Comparar APE con otros métodos de orientación inmediata ilustra sus ventajas únicas. La generación de recuperación y una generación (RAG) combina recuperación y generación, pero aún depende de ingeniería rápida manual. El ajuste fino modifica los parámetros del modelo con datos de dominio, pero requiere grandes conjuntos de datos y recursos computacionales. La ingeniería rápida manual permite flexibilidad, pero lleva mucho tiempo e inconsistente, mientras que APE automatiza la creación y el refinamiento rápido, combinando la escalabilidad con la adaptabilidad rápida de la ingeniería.
Los análisis cualitativos muestran que las instrucciones generadas por APE tienden a especializarse a lo largo de las dimensiones de la veracidad e informatividad, logrando compensaciones de Pareto-Optimal que superan las indicaciones típicas de ingeniería humana. Esto sugiere que APE puede guiar a los LLM no solo a una precisión mejorada sino también a las características de salida matizadas adaptadas a las necesidades de aplicación. También puede prepender las indicaciones de APE optimizadas a las configuraciones de aprendizaje de pocos disparos, mejorando el rendimiento general del aprendizaje.

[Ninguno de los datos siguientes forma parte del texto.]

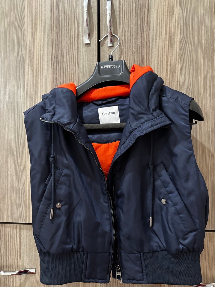 Bershka markasına ait, kapüşonlu, kemerli ve kısa kesim, fitted model kadın yelek. Dış kısmı mavi, iç kısmı turuncu renkli, baskılı desenlidir. Outdoor kullanım için uygun.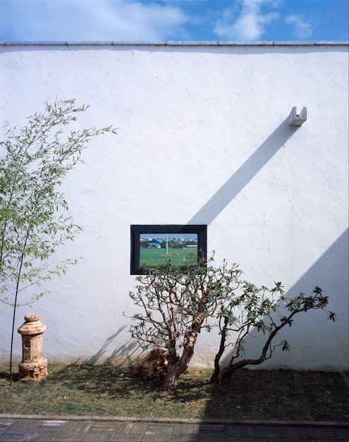 In Zhao’s ZhuAn, there are a variety of viewpoints, framed by a heterogeneous collection of apertures. Most of its windows are visible from its eastern field-facing elevation (Fig.14), some operable fully and some just partially, they are all installed at different heights and present an individualized view. Similar to Shui’s villa, each of the windows is viewed and framed differently, but the main difference is that the windows in the villa need to maintain a uniformity because of its program, therefore in Zhao’s house there is a higher level of customizability. The window in the front yard is so small that one could easily mistake it as a picture frame (Fig.15), the larger horizontal window next to the frame is the kitchen window, letting in more light to a relatively dark space but at the same time allowing the same view to be seen directly from the dining pavilion. The dining room also features three other views towards its north, west and south side—all internalized—reiterating that fact that the house is not comprised of a binary inside-outside, but of disparate and serial spaces. An also notable space is the living room where the largest horizontal window is (Fig.14). Here the space is sandwiched between two apertures: the above mentioned window towards the outside field and an internal window exposing a framed view towards the master bedroom bypass (Fig.16). This duality poses an interesting tension where one is constantly in flux between an uncontrollable, ever-changing exterior condition and a controlled, stabilized interior. According to Zhao, this is an extremely crucial aspect to a residence as it actively fights stagnant fatigue and promotes a freshly changing fluidity.

A pesar de sus ventajas, APE tiene algunas limitaciones en comparación con los enfoques manuales. El proceso de búsqueda iterativo para la optimización puede ser computacionalmente intensivo y requerir recursos adicionales. El rendimiento efectivo depende en gran medida de la calidad de la función de puntuación utilizada para evaluar las indicaciones candidatas, y los resultados pueden variar con diferentes dominios o modelos de tareas. La transferencia de instrucciones del modelo cruzado, donde las instrucciones generadas para un modelo se aplican a otro, es limitada, lo que requiere un ajuste de indicaciones específicos de la tarea para obtener los mejores resultados.
En resumen, las diferencias clave de rendimiento entre APE y las indicaciones de ingeniería humana son:
- APE genera sistemáticamente y refina las indicaciones para optimizar el rendimiento en diversas tareas, lo que lleva a resultados mejores o comparables en muchas métricas de evaluación, incluida la precisión, la veracidad y la información.

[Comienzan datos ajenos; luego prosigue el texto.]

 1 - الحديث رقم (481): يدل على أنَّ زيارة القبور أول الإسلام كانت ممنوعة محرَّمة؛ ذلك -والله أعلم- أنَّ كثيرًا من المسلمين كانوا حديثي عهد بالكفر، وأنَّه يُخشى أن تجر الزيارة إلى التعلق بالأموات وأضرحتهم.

- Las indicaciones humanas pueden ser inconsistentes y requerir un esfuerzo experto; APE automatiza estos procesos, ahorrando tiempo mientras mejora la precisión.
- APE es más adaptable en todas las tareas sin rediseño manual, adaptando eficientemente las instrucciones.

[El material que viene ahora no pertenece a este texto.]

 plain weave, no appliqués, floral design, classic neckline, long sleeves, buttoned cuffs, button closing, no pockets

-La compensación está en un mayor costo computacional y una posible necesidad de optimización de puntuación específica de tareas.
-APE se ha demostrado como una herramienta práctica para mejorar los paradigmas de incrustación de cadena de huella y cadena de pensamiento, a menudo superando las indicaciones de referencia tradicionales de ingeniería humana.